Improving package managers

I noticed two posts on improving package managers none of which mentions Debtags.

Daniel Burrows mentions various issues:

David Nusinov mentions that the ideal package manager should look like Google, where you search for things using just a simple one line text entry and pick from the results what you want to install.

I should probably do a bit of recap of things that have been going on.

I'll go through that list again:

Agreed. This used to be a bug about this, which has been closed by Debtags more than one year ago. We now have much more useful category data for about 73% of the archive (including experimental), but what we lack is software using it.

Here's a quick trick to try:

  1. install debtags, and this gives you an easy to read text file in /var/lib/debtags/package-tags.
  2. from that file, pick packages that have the tags role::program, scope::application and interface::x11.
  3. display the results, and use the tags works-with::* and use::* to navigate the results.

There is a python-debian package in experimental that has a debtags module you could play with.

Why is that that so far noone has written a simple package manager just for gamers, which uses only the game::* tags?

Do you think Debtags gives you too many tags?

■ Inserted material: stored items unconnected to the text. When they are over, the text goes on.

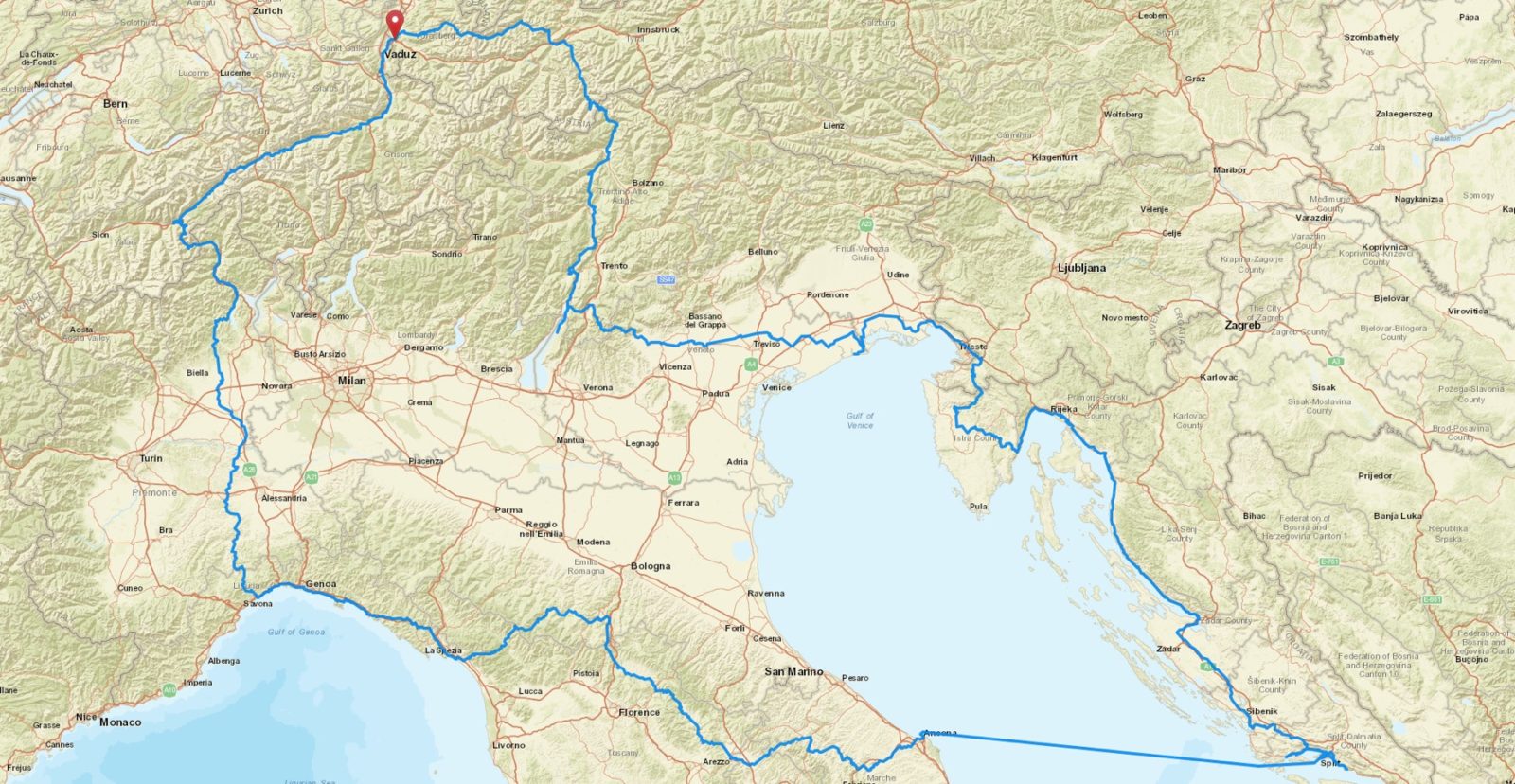 Hatte jetzt nochmlas 2 Wochen Urlaub. Fuhr jetzt ungefähr die Tour, die ich im Juni schon Fahren wollte. Kam dabei aber nicht bis nach Dubrovnik sondern nur bis Split. War ein sensatieneller Trip durch Südeuropa. Motorrad machte keine Probleme, trotz des Tankens von Diesel 🙁 . Auf der Karte kannst du sehen, welchen Weg ich genommen hab.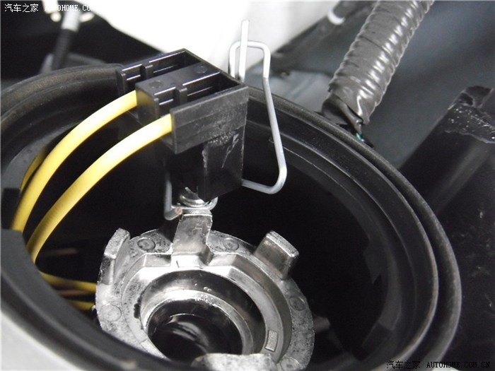 这是H7近光灯,用弹簧压住的,拨开就可以拿出灯泡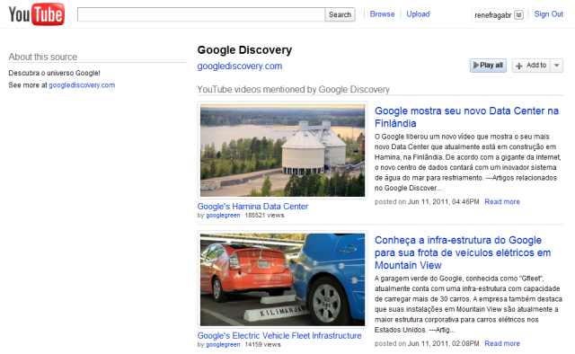 “Através da indexação dos feeds de blogs que tenham incorporado vídeos, criamos páginas dedicadas que destacam seus vídeos. Isto significa que agora há um lugar no YouTube para encontrar vídeos mencionados em seus blogs favoritos e sites”, explicou o blog do YouTube.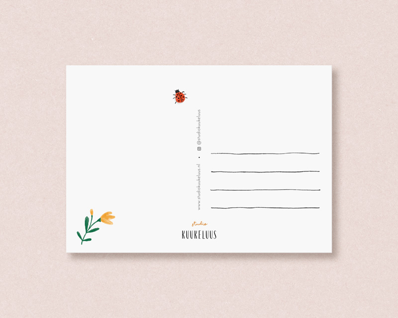 • ruimte voor een bericht, adres en postzegel op de achterzijde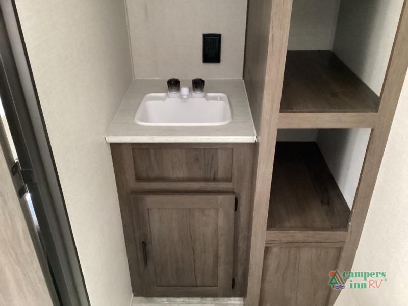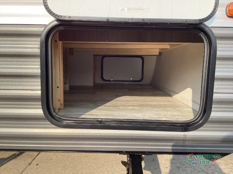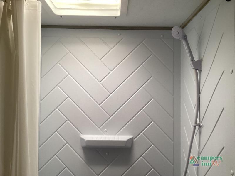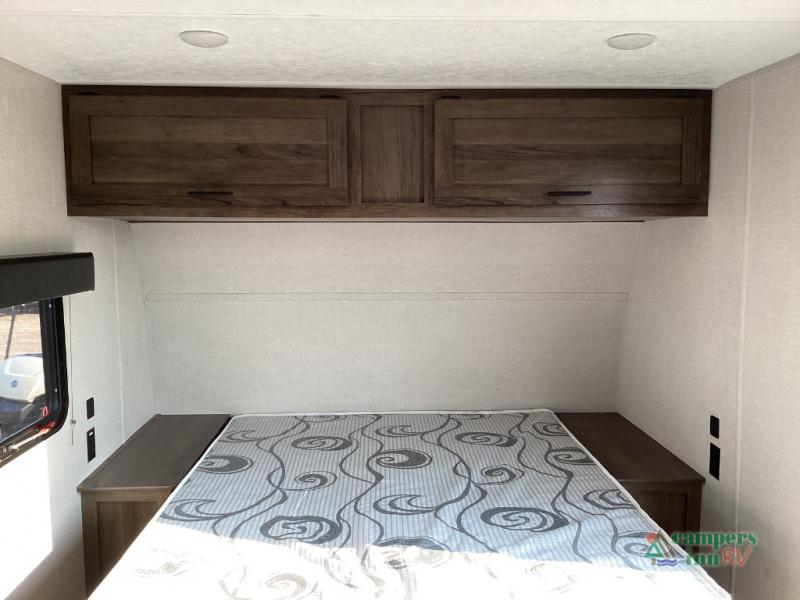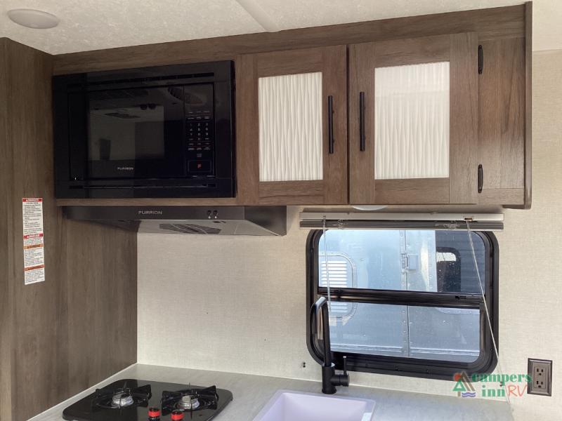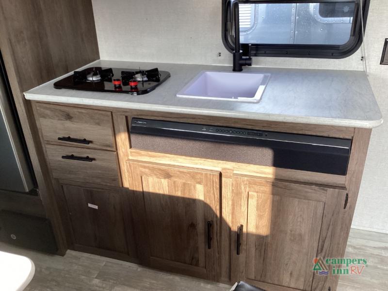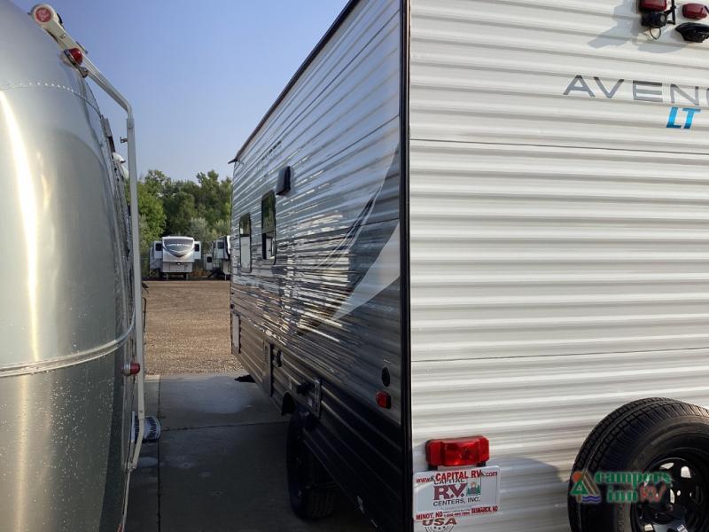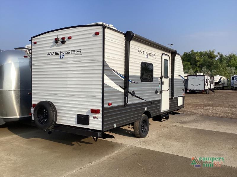 Are you wanting to enjoy a getaway with a couple friends or your spouse? This Avenger LT travel trailer is just what you've been looking for. You'll love spending time outdoors with the LED-lit power awning and outside speakers as you sit around the fire pit with your loved ones. Tired from your day of hiking or swimming? Relax on the front bed with room alongside the bed to hold your valuables. You'll appreciate the exterior shower to clean off after a day of sightseeing with family, and you'll enjoy the kitchen skylight as you cook with the two-burner cooktop or microwave.

Then check out:

To summarise so far, we not only do have better categories, but also a number of cool algorithms to use them, and some interface prototypes as well. Just don't expect me to write a package manager as well: that's a job that so far I decided to leave to someone else. adept gave it a try, with positive results.

Indeed, Xapian for example. I use it as part of the backend of the Debtags smart search, and here's our Xapian-powered normal keyword based package search interface which does stemming, indexing and all you want to ask from a serious full text index.

In that page you don't see all the nice features of Xapian, but only the ones that I needed for my Debtags evil plans. Have a look at the documentation and give it a try.

Here is a way to see Xapian's similarity matching in action:

  1. go to the Go tagging! page
  2. click on a random untagged package
  3. the system gives you a rather relevant selection of tags
  4. look at it again: the package was untagged: how could the web engine possibly figure those tags out?

What is happening under the scenes is that:

  1. I ask Xapian: "what packages are similar to this one?".
  2. I aggregate the tags of the resulting packages.
  3. I rank the tags by how many resulting packages have them.

While we are on this topic, why don't we decide that we maintain a Xapian index of our package descriptions in, for example, /var/lib/apt/fulltext/, so that various applications can share it?

Indeed. Anyone would like to implement this little "popcon" tool? Having the data easily accessible locally can encourage people to use them.

The Debtags Go tagging! page already uses popcon data to show the most common untagged packages at the top, with double reason: it shows packages that more people are likely to know (and therefore likely to categorise) and it pushes for the most common packages to be tagged more urgently.

Indeed. Anyone volunteers to implement a prototype? The full unaggregated (but anonymised) popcon data are accessible to every Debian Developer on the host gluck.debian.org in the directory /org/popcon.debian.org/popcon-mail/popcon-entries.

Ideally one can do many interesting things with this concept: besides tag suggestions, one could identify the packages that are most representative of an installed system, and also offer negative suggestions like: "people who have packages like yours usually don't have this package: would you like to remove it?".

There is more than all this that could be done. Recently, almost by accident, I had the idea of querying packages by example, like pointing to a file and find packages that can work with it. I've asked Jeroen to have Mole collect info on all files that could possibly get installed in /usr/lib/mime/packages/ (as suggested by Bernhard R. Link), to see if that prototype can be made more accurate.

Query by similarity would be nice: I don't like this program, but what else do we have that does the same job? This is best implemented using Debtags data, since it directly maps to semantic properties. Note that you don't have to show a single tag to the user to implement this kind of interface. Do we have a way to point at the X window of an application and get the name of the package that installed it? Wouldn't it be about time to have it?

Why don't we have a system updater utility that shows the Debian weather?

Why aren't more people playing with semantic web?

But more generally, the problem with package managers is that we seem to be irrationally compulsive in wanting to make the one and only big easy and complete interface for everyone. Other more reasonable people would tell you that if you have two very different kinds of users you may want to consider having two different user interfaces.

Ubuntu for example installs by default 3 package manager interfaces: Synaptic; the thing that you access from the application menu to add applications to it; and the update manager. Does it sound like a waste? To me it makes lots of sense.

We have lots of interesting, usable metadata; we have algorithms; we have prototypes; we have ideas for lots of cool, implementable features. The question is, are we able to write applications that just combines what is needed from all this treasure to provide the right interface(s) for our base(s) of users?

Even if my English in 2004 wasn't easy to understand, a read here might still be useful.

There is so much really cool stuff to be written, just within reach.